An .iso file often needs inspection before it is written to removable media, copied into an archive, or handed to another system. Mounting the image read-only exposes its directory tree so files can be listed, opened, or copied without burning a disc or changing the image.
On Linux, mount can attach a regular image file through a loop device, and file can identify whether the source looks like an ISO 9660 filesystem before mounting. The mounted path behaves like a read-only optical disc, while findmnt confirms which loop device and filesystem type are active.
Mounting changes the live filesystem tree, so the steps use sudo and a dedicated mount point under /mnt. Keep shells and file managers out of the mounted directory before unmounting, because an active current directory or open file can leave umount reporting that the target is busy.
$ file project.iso project.iso: ISO 9660 CD-ROM filesystem data 'PROJECTISO'
The file command checks file signatures. A different result, such as plain data or a compressed archive, means the file may not be a mountable .iso image.
$ sudo mkdir -p /mnt/iso-view
Files already present in /mnt/iso-view stay hidden while another filesystem is mounted there, so use an empty directory for temporary ISO access.
$ sudo mount -o loop,ro project.iso /mnt/iso-view
The loop option lets mount attach a regular image file as a block device.
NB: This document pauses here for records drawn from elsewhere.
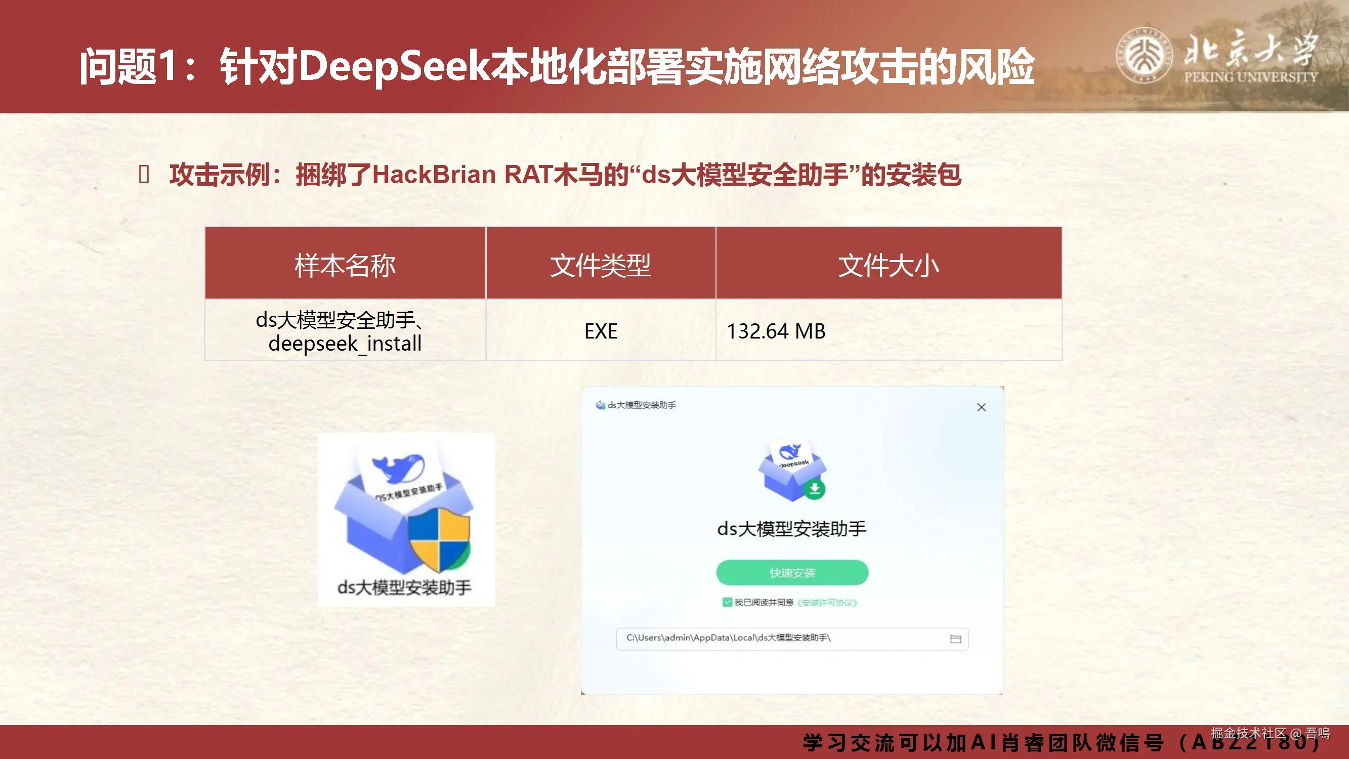 ① 网络攻击风险:攻击者利用钓鱼网站传播伪造的本地部署工具(如捆绑木马的“ds大模型安装助手”),植入远程控制程序(如HackBrian RAT),窃取数据或劫持服务器;
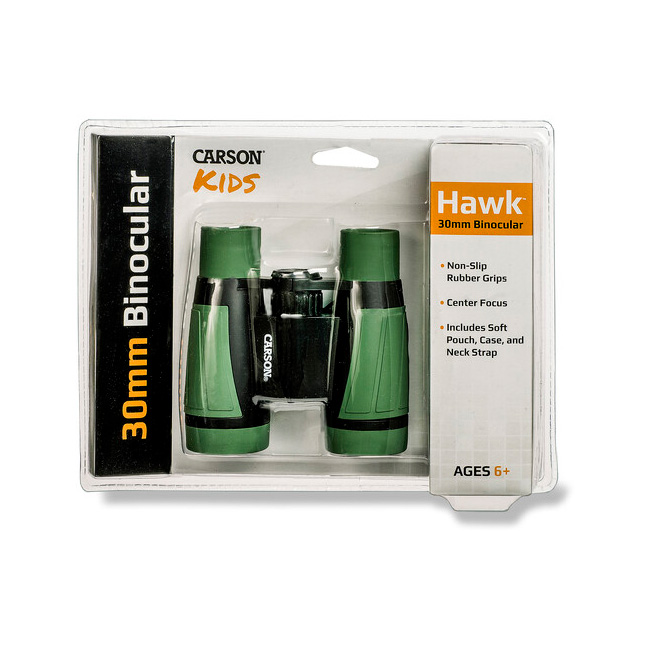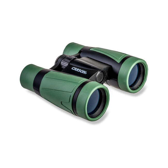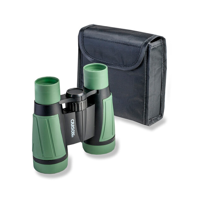 Carson’s 5×30 Wild Cat Prism Binoculars with 8.2-Degree Angle of View are deluxe, 5×30 binoculars with a distinguished kid’s camo design, durable and made for outdoor events, sports, bird-watching, and camping.
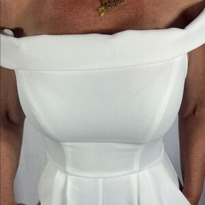 bcbgeneration jumpsuit, off shoulder jumpsuit, white cropped jumpsuit, women’s size 4 jumpsuit, cocktail outfit, bridal shower outfit, graduation jumpsuit, modern chic jumpsuit, white party outfit, classy event jumpsuit, wide leg jumpsuit, summer white jumpsuit, minimalist jumpsuit
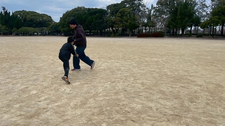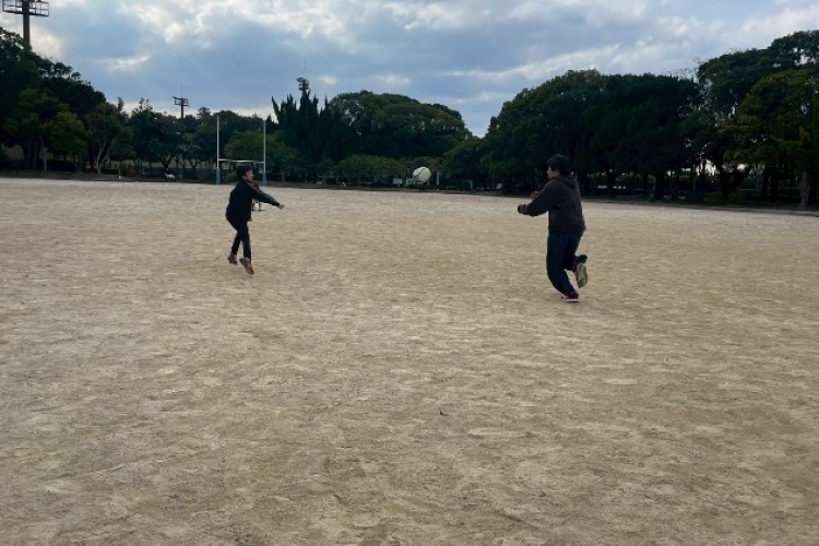 冬休みはお父さんと、タックルやパスの練習をしました。
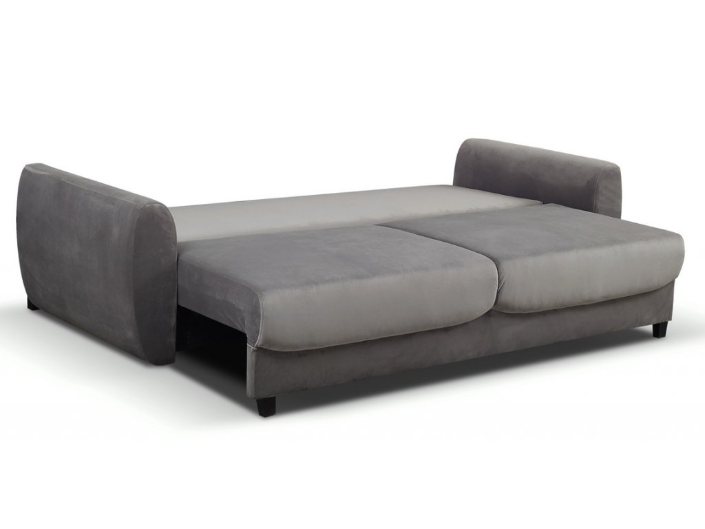 Praktická celočalouněná pohovka. Netradiční a velmi moderní vzhled. Pohovka obsahuje úložný prostor a prostor na příležitostní spaní. Po rozložení je spací plocha 200 x 147 cm. Rozklad je snadný pomocí automatu a sklopením zadní části. Pohodlné sezení zaručují vlnovcové a profilované pružiny spolu s visoceelastickou PUR pěnou, opěrné polštáře jsou na volno. Nožky jsou dřevěné v barvě wenge. Barevné provedení - látka Riviera 81.
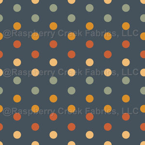 Autumn Burst Dot Blue; Rich Earth Tone Dots on Blue Background; Small multi-colored dots on blue background; Warm earth tones; gold, orange, and green dots.
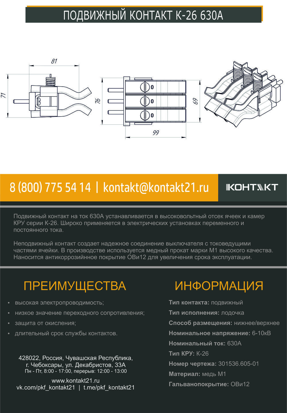 Подвижный контакт на ток 630А устанавливается в высоковольтный отсек ячеек и камер КРУ серии К-26. Широко применяется в электрических установках переменного и постоянного тока.
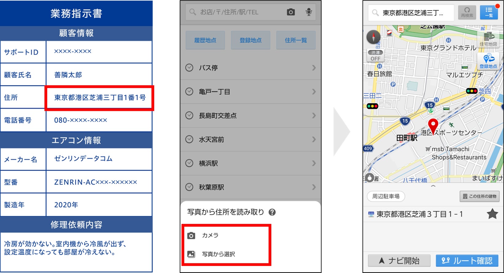 名刺や写真、業務指示書等から住所のみを判別し読み取ります。読み取った住所はそのままルート確認やナビゲーションの目的地として利用できます。長い住所を1文字ずつ入れる手間や、誤入力を防ぐことができ便利です。
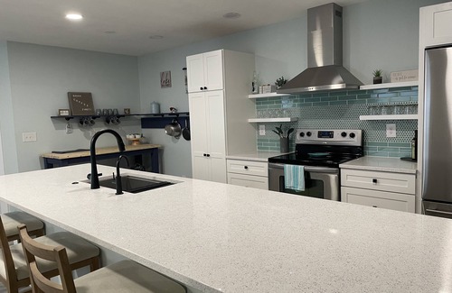 Apple Valley Lake spa-like retreat. Come to gather with your family and/or friends and relax in this newly renovated home on a quiet cul-de-sac. If you like clean and organized, this is the vacation spot for you. Everything is new including furniture, mattresses, Calphalon cookware, dishes and kitchen utensils. All mattresses and pillow cases protected with encased covers. Sit on the front deck or the back porch and enjoy the view of the lake and the wildlife (deer, hummingbirds, etc). The main floor has 3 spa-like bedrooms and 2 spa-like bathrooms. The main floor has a great gathering place with the kitchen open to the dining space and living space. Don't miss any touchdowns while you are cooking with the 65" Roku TV easily viewable from the kitchen. The kitchen is a gourmet chef's dream with all amenities. The downstairs walkout basement game room has an additional sectional sofa, 65" Roku TV, card table, , a kitchenette as well as a private bedroom with a queen bed and 1 rollaway twin bed and a full bathroom with shower. A 5-minute walk to Davis Beach. Pups are welcome, poop bags and a trash can on the back porch are provided for your convenience of cleaning up after your pup. Absolutely no smoking/vaping allowed on this property and a fine of $500 will be incurred if this rule is not respected. Exterior cameras in front and back of this property are in use for safety.
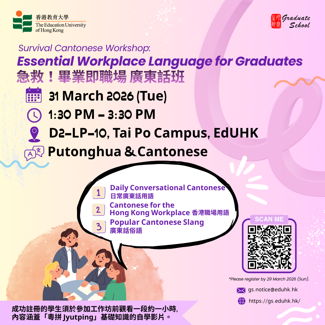 [3月31日] 誠邀你參加「急救!畢業即職場 廣東話班」!Invitation to the “Survival Cantonese Workshop: Essential Workplace Language for Graduates”!

The ro option keeps the mounted view read-only.
$ findmnt --mountpoint /mnt/iso-view --output TARGET,SOURCE,FSTYPE,OPTIONS TARGET SOURCE FSTYPE OPTIONS /mnt/iso-view /dev/loop6 iso9660 ro,relatime,nojoliet,check=s,map=n,blocksize=2048
The loop device number can differ between systems. The TARGET and FSTYPE columns should match the mount point and ISO filesystem being inspected.
$ ls -l /mnt/iso-view total 2 dr-xr-xr-x 1 root root 2048 Jun 13 21:19 docs -r-xr-xr-x 1 root root 34 Jun 13 21:19 readme.txt
$ cat /mnt/iso-view/docs/release.txt Release: Example ISO Version: 1.0
Use less for long text files and cp for files that should remain available after the image is unmounted.
$ cp /mnt/iso-view/docs/release.txt ./release.txt
No output means cp finished without reporting an error. The copied file is separate from the read-only ISO image.
$ sudo umount /mnt/iso-view
Run the command from a directory outside /mnt/iso-view. A shell, editor, or file manager inside the mounted tree can keep the target busy.
Related: How to unmount a disk in Linux
$ mountpoint /mnt/iso-view /mnt/iso-view is not a mountpoint
The message above is the expected state after umount removes the ISO mount.